If you've done this trip, what's a good length of time to plan for?

I have already found the circle tour website pretty helpful.

Suggestions welcome, thanks.

Jim


----------



## cookie9933 (Feb 26, 2005)

It doesn't matter which way you go, IMO. I was trying to access the State of Michigan website....seems to be a glitch with their server presently. If accessible you can see all the Michigan Stare Parks, their locations, their features, campsite reservations, etc.

But here are two gems, info from another website:

*Porcupine Mountains Wilderness State Park*
The largest state park in Michigan includes 58,335 acres of land located on the west end of the Upper Peninsula. Located on the shores of Lake Superior, this park offers old-growth forest, cliff-top scenic vistas, waterfalls, and backcountry or modern campsites. Rustic cabins are available year round. There are more than 90 miles of hiking trails, 26 miles of cross-country ski trails, and 15 ski runs along a 641-foot vertical drop. The park also contains four lakes, including the famous Lake of the Clouds scenic overlook. For educational and historical purposes, the visitor center is not to be missed. Take M-107 three miles west of Silver City.

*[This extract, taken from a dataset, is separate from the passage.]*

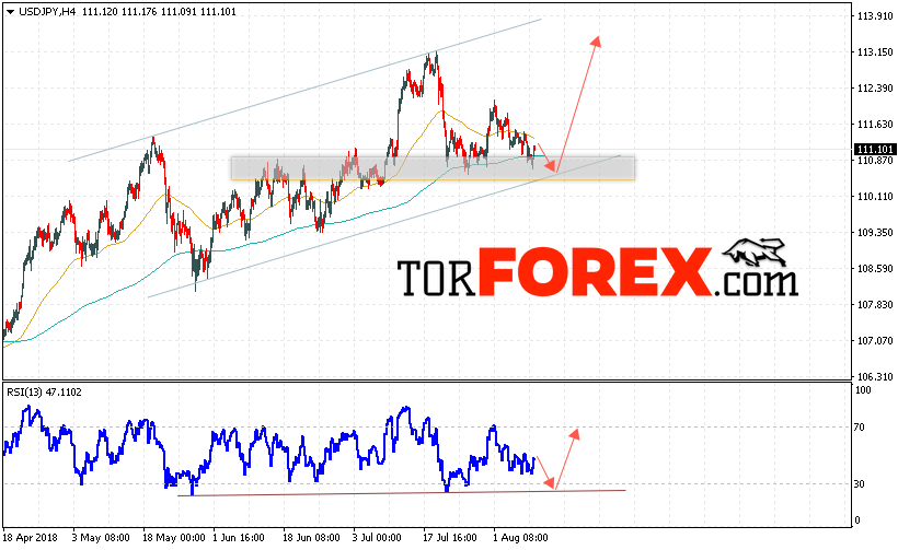 Таким образом, USD/JPY прогноз Доллар Иена на 10 августа 2018 предполагает попытку теста области поддержки вблизи уровня 110.55 и продолжения роста котировок в область выше уровня 113.70, в пользу роста пары выступит тест линии тренда на индикаторе относительной силы, отменой варианта роста станет снижение и пробой области 109.80, что укажет на пробой области поддержки и продолжение падения пары.

*Tahquamenon Falls State Park*
Park encompasses nearly 40,000 acres in the heart of Michigan's eastern Upper Peninsula. Most of this area is undeveloped woodland and peatland without roads, buildings, or power lines. The centerpiece of the park and the very reason for its existence is the Tahquamenon River and its waterfalls. The Upper Falls is one of the largest waterfalls east of the Mississippi. Here, the river plunges nearly 50 feet from a 200-foot-wide escarpment. During the spring snowmelt, flows of more than 50,000 gallons per second have been recorded thundering over these falls. As visitors walk from the parking lot to the various viewing areas, they will find themselves beneath the canopy of one of Michigan's largest uninterrupted old-growth hardwood stands. This unique 1,700 acre community surrounds the Upper Falls as well as the Lower Falls.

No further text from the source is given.